--- START ---
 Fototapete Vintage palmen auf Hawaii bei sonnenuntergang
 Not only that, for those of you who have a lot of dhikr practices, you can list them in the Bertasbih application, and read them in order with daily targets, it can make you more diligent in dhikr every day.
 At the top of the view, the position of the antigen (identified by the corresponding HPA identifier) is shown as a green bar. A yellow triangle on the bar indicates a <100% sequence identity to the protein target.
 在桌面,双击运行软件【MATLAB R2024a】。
--- END ---
--- START ---
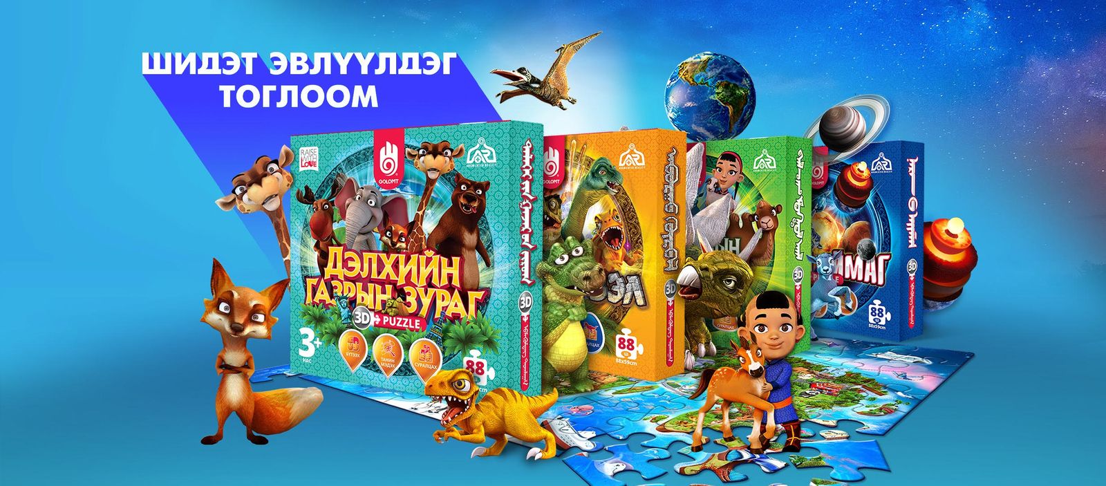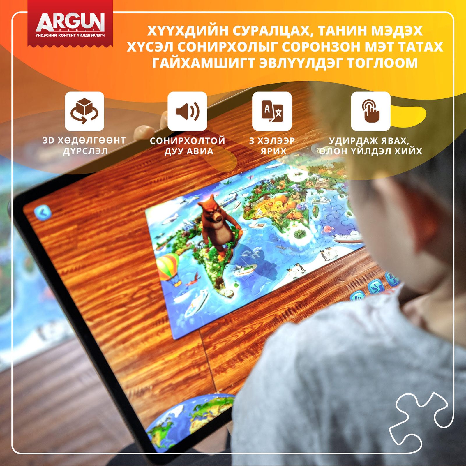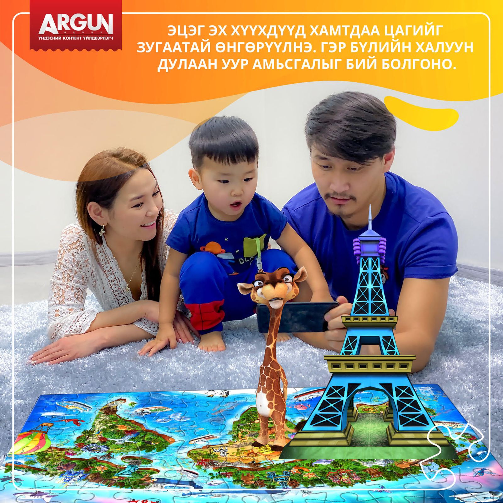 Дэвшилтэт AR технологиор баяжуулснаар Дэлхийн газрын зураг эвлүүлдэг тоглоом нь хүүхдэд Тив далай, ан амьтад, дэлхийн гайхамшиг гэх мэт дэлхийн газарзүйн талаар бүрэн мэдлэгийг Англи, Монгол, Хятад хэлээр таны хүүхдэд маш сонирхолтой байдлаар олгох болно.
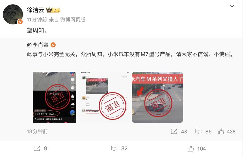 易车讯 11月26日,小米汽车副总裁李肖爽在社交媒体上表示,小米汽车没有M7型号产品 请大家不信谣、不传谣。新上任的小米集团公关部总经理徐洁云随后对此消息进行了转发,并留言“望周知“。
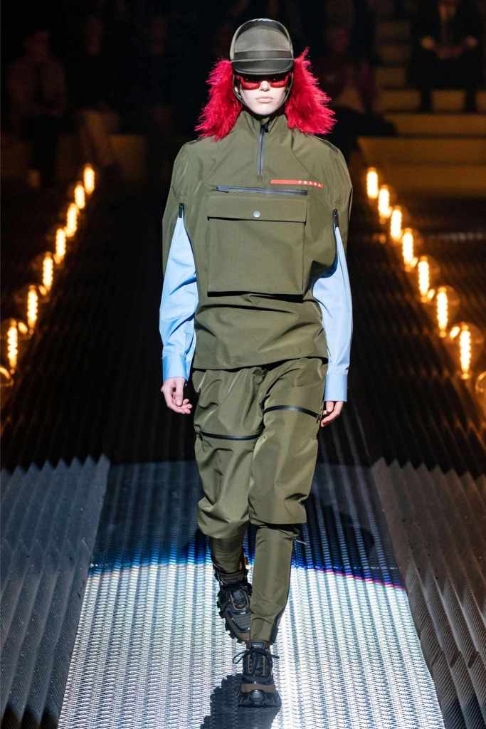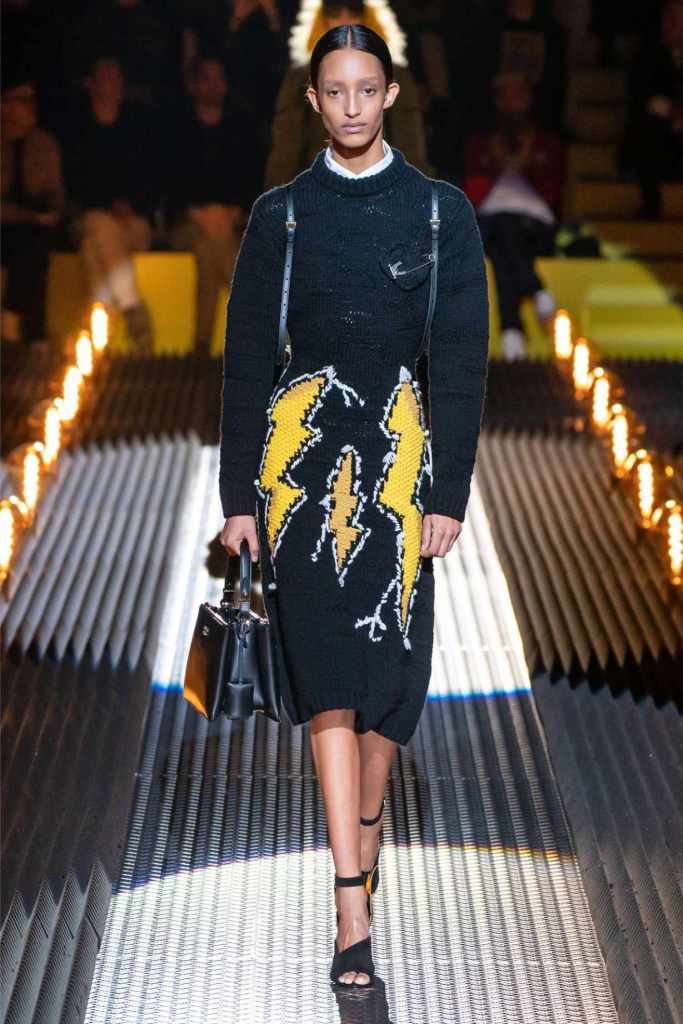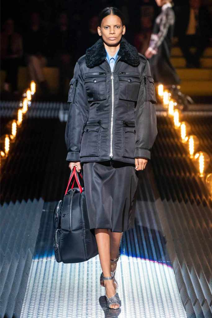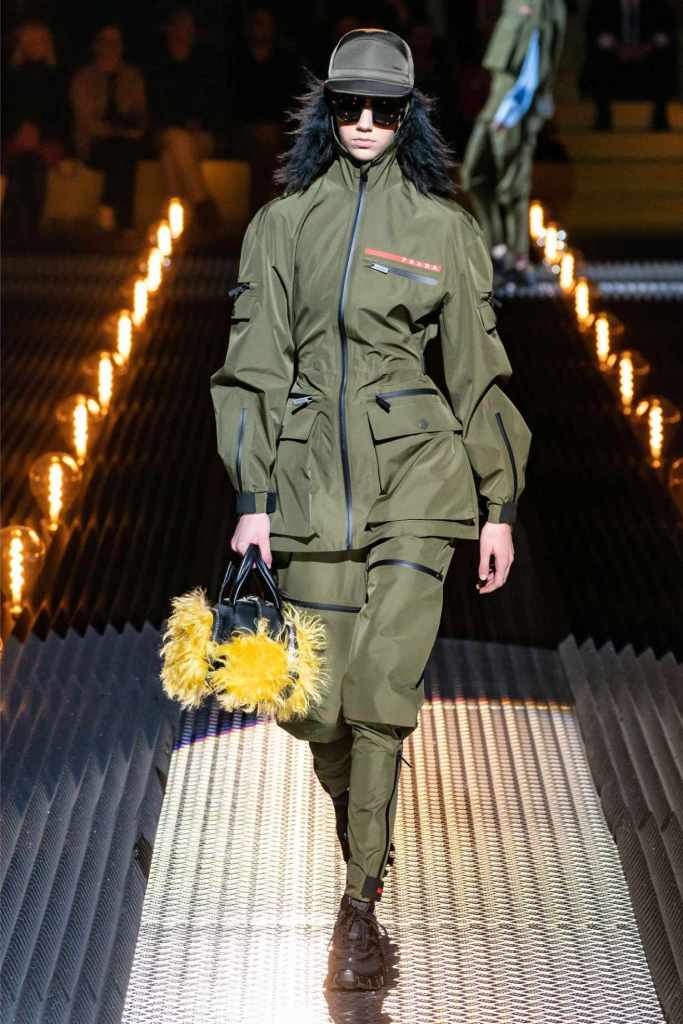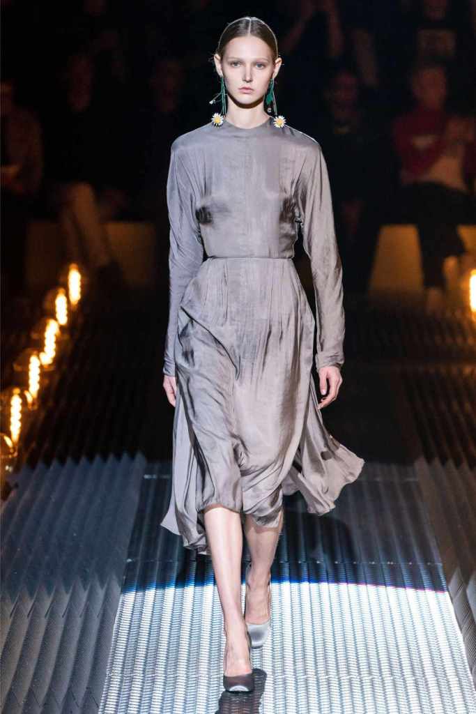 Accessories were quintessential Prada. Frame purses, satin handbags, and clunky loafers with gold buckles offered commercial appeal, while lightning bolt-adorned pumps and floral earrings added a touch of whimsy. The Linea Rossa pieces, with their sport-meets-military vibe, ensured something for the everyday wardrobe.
--- END ---
--- START ---
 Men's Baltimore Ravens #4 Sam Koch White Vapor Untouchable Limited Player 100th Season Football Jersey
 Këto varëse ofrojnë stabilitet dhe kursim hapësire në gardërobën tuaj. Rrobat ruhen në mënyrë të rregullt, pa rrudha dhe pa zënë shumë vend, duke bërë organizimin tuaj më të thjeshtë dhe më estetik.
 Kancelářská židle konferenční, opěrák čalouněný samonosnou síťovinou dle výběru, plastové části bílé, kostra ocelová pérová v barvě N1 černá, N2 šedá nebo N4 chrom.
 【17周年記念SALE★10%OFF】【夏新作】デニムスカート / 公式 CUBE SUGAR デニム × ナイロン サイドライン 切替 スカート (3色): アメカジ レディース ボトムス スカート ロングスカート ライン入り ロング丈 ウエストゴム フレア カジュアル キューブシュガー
--- END ---
== Problem ==
For this task, write out exactly the lines of the entries above, starting at the line with "Fototapete Vintage palmen" and ending at the line with "在桌面,双击运行软件【MATLAB R2024a】。", both included, and no others.

== Answer section ==
 Fototapete Vintage palmen auf Hawaii bei sonnenuntergang
 Not only that, for those of you who have a lot of dhikr practices, you can list them in the Bertasbih application, and read them in order with daily targets, it can make you more diligent in dhikr every day.
 At the top of the view, the position of the antigen (identified by the corresponding HPA identifier) is shown as a green bar. A yellow triangle on the bar indicates a <100% sequence identity to the protein target.
 在桌面,双击运行软件【MATLAB R2024a】。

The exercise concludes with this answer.